Nah, I skimmed TFA but then I went into the linked GH issues thread, and that's the one that scared me a bit. I just want to hold it for a while and not run into some of the things I'm reading since I'm on the latest ubuntu. Just a precaution.

I didn't have the time to actually think about any "arguments" at all tbh it's just a knee jerk reaction as I get ready to log off for the weekend. Not actually looking to argument for or against your post at all lol.

imurray•45m ago

That version has security fixes from the same day as the latest rsync release: https://ubuntu.com/security/notices/USN-8283-1

As usual, Ubuntu backported fixes and didn't upgrade to a new version. Whether or not they also backported regressions in edge cases that afflict the latest rsync, I don't know. Pinning the Ubuntu package may prevent getting further regressions, but is preventing you getting any future such backported security fixes.

scsh•52m ago

> It does not control for commit complexity, security intensity, or bug severity. It does not distinguish between a one-line typo fix and a CVE patch. It is a blunt instrument. But the critics' accusation is also blunt: "Claude is making things worse." A blunt instrument is the fairest response.

If by fairest you mean to say that this analysis and response is sufficient, then I'm sorry but I have to disagree. We really need to understand if the nature of the bugs are worse from a user's perspective. Even if the rate stayed unchanged, if the result is the perceived quality of the software declined then I would personally consider that worse, especially if I were a project maintainer.

That's not meant to be wholly dismissive either. But in general, I don't think quantitative analysis alone is enough to fully answer this type of question.

skeledrew•6m ago

But it is fair. Up to this point I have yet to see anyone say they did an analysis of the code and found X regressions of Y severity. All they say is "there are more bugs because LLM". This analysis, which you can verify yourself if you wish, says "the bugs [number of] are pretty average even with LLM", which is a direct response to that. If you'd like a more nuanced analysis you're welcome to do one and share the result, if you're so inclined.

logicprog•45m ago

Okay, I really have to point out to everyone: the numbers and report cards are TEMPLATED IN BY A SCRIPT. Hallucinations are a moot point. https://github.com/alexispurslane/rsync-analysis/blob/main/s...

tappio•41m ago

A lot of people criticizing because it's heavily written with LLM, but I mean, if someone produced this piece pre-LLM, would they criticize it? is the critique due to use of LLM or due to the content being truly hard to follow? I read it and I would say, there are some problems with the writing, but its not a bad piece.

Of course this is a bigger problem, as its now harder to distinguish content that is "AI slop" with "content co-authored with AI that is carefully reviewed" with a quick glimpse, and the "AI smell" is quite off-putting. My initial reaction was also negative, but after glimpsing it through and reading the summaries, I found it decent summary, which also... speaks of this thread, of the content of the blog post and everything about the discussion and the strong feelings people have developed around the use of LLMs.
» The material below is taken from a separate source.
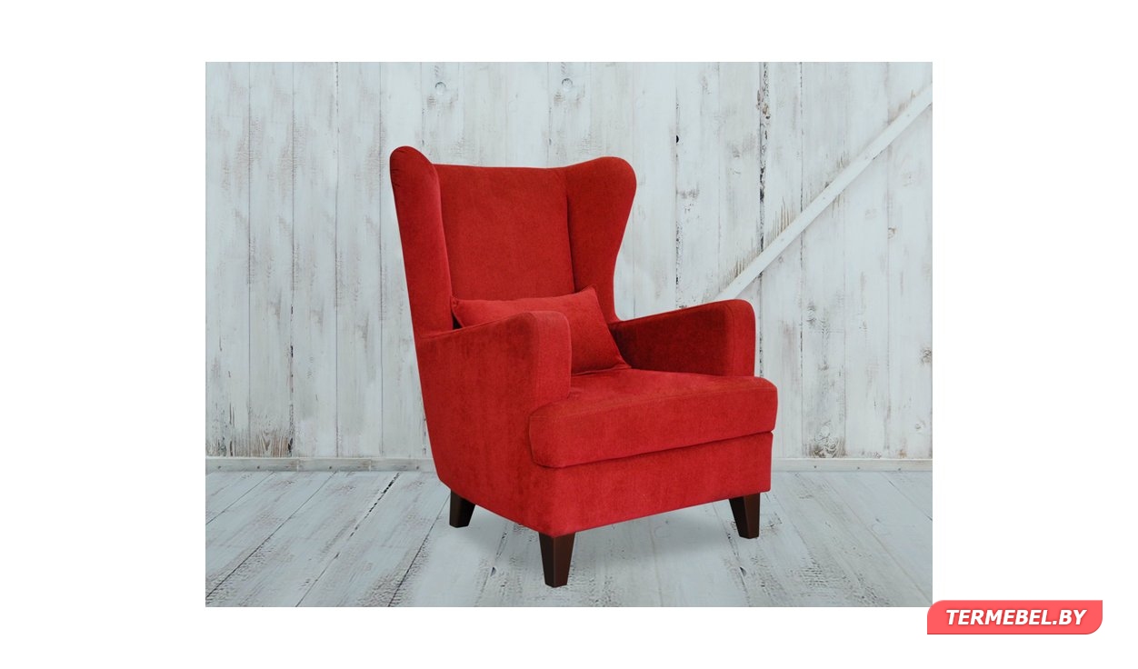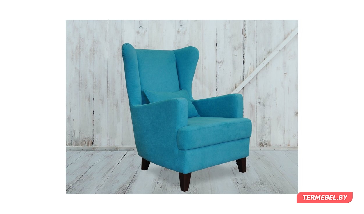 код 103496Интерьерное кресло с подлокотниками на деревянные опорах. Мягкая и высококачественная обивка.

Anyhow, it would be good to disclose the repo with the code for the statistics & use of LLM in the writing right up front. Which model, and why it was used to do the writing, etc. Its enough to say "I think it writes better than I do" or "I was in a hurry, sorry" or what ever, but it really should be disclosed. It reads more honest.

ps. really... that sideways scroll? plz fix it.

logicprog•39m ago

Thank you for your constructive input, you're one of only a few others here who had any. I'll definitely do that. I didn't think, since the output was templated directly from the numbers generated by a reproducible python script, that people would get so up in arms about the aesthetics, but I guess I forgot to say that.

JasonSage•27m ago

> content co-authored with AI that is carefully reviewed

The problem I see is that this is indistinguishable to a reader at a glance.

Distancing the writing from the "AI smell" not only improves the quality by dropping the unnecessary ocean of rhetorical devices, it forces the human to have real weight and agency on what's being said.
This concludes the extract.